● WORK INSTRUCTIONS:
From the listing below, please restate exactly the lines beginning at the one with "This drip filter" and ending at the one with "生活面を象徴する運勢です。外", both included, and skip the pictures.

● DATA FOR THIS EXERCISE:
═══

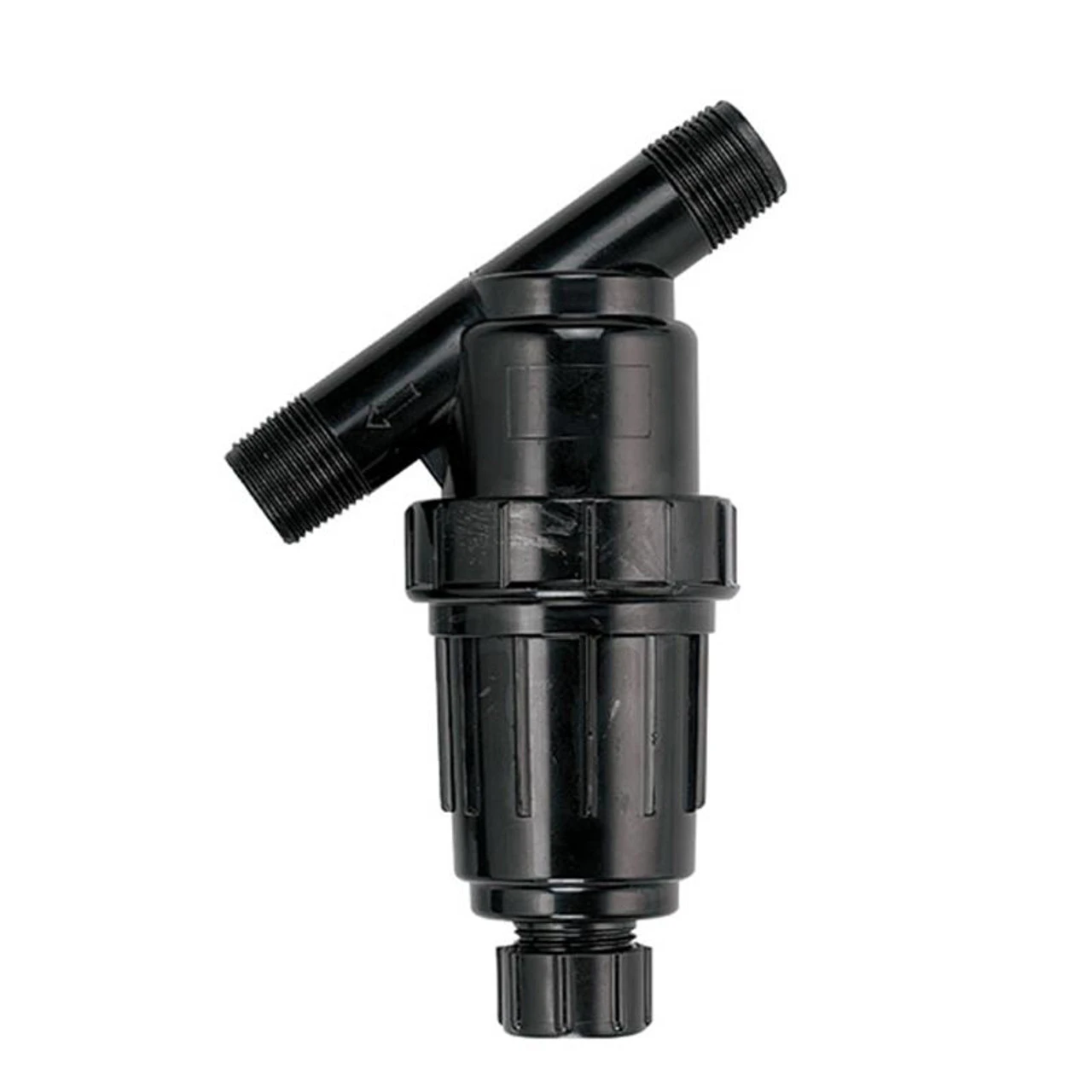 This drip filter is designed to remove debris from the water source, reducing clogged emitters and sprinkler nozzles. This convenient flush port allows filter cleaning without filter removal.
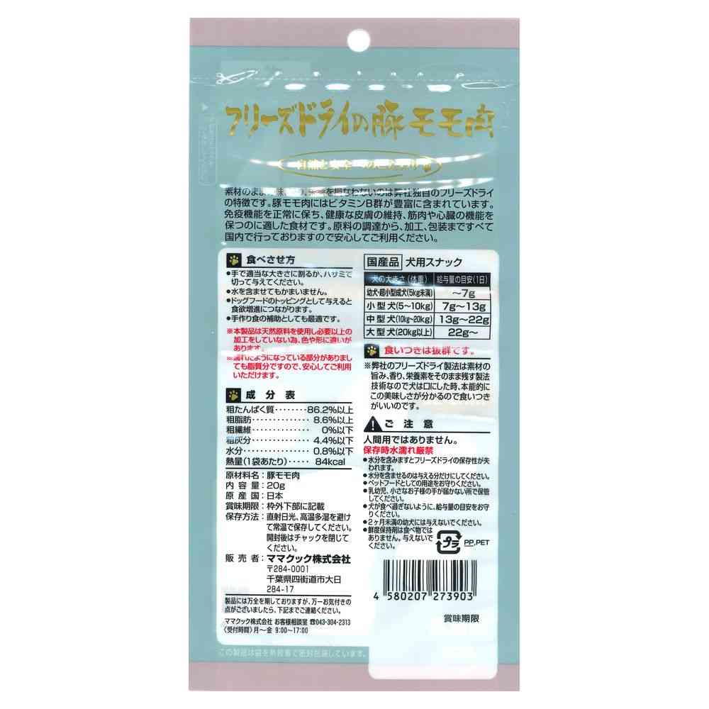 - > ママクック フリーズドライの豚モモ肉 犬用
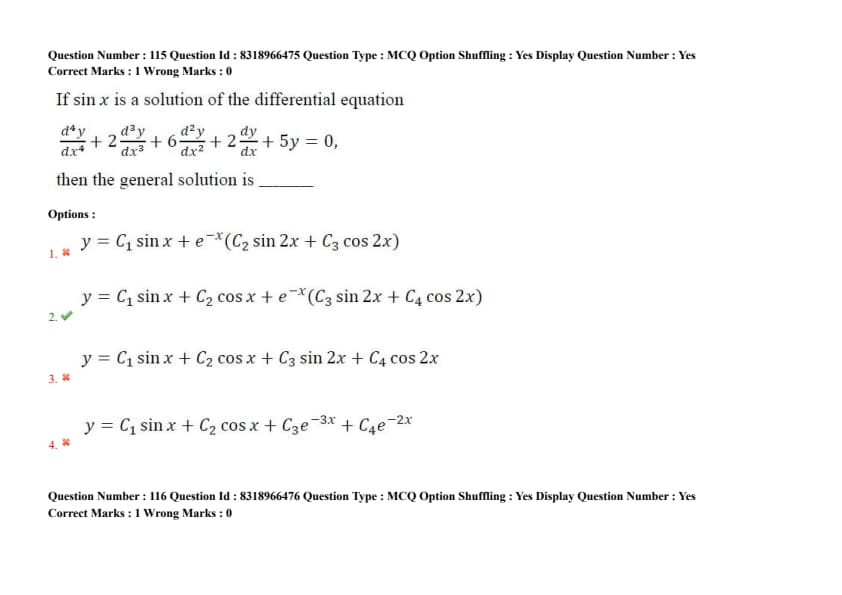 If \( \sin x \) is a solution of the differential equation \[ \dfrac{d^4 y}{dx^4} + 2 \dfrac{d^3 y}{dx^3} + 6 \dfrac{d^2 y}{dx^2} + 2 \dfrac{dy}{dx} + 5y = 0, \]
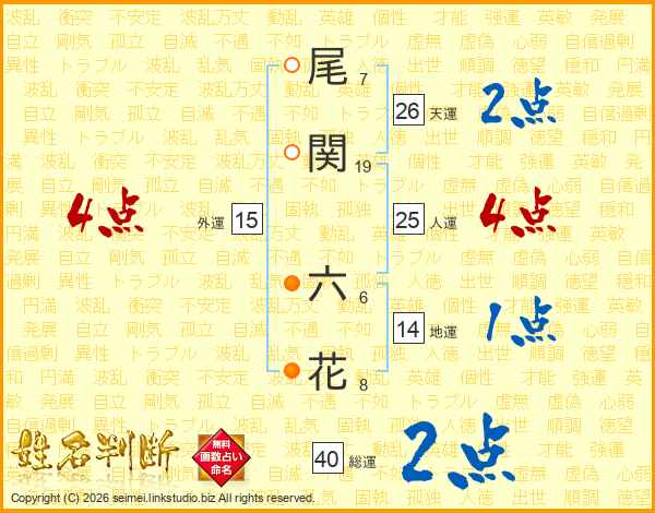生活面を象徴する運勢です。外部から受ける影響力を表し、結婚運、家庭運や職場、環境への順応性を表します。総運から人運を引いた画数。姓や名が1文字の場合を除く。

═══

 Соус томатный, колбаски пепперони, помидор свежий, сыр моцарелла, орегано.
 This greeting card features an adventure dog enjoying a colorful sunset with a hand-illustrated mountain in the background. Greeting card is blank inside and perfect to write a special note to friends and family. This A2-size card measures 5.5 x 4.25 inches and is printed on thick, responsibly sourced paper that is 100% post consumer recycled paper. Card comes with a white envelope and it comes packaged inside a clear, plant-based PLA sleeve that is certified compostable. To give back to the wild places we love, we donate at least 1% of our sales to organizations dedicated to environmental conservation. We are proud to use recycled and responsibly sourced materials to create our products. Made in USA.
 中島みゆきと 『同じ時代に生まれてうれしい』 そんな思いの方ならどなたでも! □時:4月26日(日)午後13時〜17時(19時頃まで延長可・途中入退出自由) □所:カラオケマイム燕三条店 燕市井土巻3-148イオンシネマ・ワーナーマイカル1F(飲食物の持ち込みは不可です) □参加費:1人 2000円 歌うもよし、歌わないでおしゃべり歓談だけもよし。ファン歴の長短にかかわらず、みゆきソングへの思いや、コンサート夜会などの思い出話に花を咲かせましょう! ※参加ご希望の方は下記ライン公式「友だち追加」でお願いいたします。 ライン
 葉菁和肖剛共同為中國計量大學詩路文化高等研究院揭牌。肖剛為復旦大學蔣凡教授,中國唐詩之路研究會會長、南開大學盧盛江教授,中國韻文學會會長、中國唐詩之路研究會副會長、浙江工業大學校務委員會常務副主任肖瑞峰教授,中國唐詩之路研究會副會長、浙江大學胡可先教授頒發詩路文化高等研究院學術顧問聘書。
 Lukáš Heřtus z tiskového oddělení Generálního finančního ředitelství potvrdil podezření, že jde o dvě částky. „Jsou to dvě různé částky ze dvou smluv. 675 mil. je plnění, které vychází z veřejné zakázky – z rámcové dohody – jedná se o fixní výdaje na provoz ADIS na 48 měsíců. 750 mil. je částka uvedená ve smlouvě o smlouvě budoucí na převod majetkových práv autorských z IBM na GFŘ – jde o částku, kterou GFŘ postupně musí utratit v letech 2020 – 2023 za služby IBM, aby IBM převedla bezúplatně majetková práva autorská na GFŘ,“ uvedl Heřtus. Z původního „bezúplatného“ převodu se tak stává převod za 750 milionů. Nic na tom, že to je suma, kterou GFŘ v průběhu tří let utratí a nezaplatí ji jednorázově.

═══

● FINISHED EXERCISE:
 This drip filter is designed to remove debris from the water source, reducing clogged emitters and sprinkler nozzles. This convenient flush port allows filter cleaning without filter removal.
 - > ママクック フリーズドライの豚モモ肉 犬用
 If \( \sin x \) is a solution of the differential equation \[ \dfrac{d^4 y}{dx^4} + 2 \dfrac{d^3 y}{dx^3} + 6 \dfrac{d^2 y}{dx^2} + 2 \dfrac{dy}{dx} + 5y = 0, \]
生活面を象徴する運勢です。外部から受ける影響力を表し、結婚運、家庭運や職場、環境への順応性を表します。総運から人運を引いた画数。姓や名が1文字の場合を除く。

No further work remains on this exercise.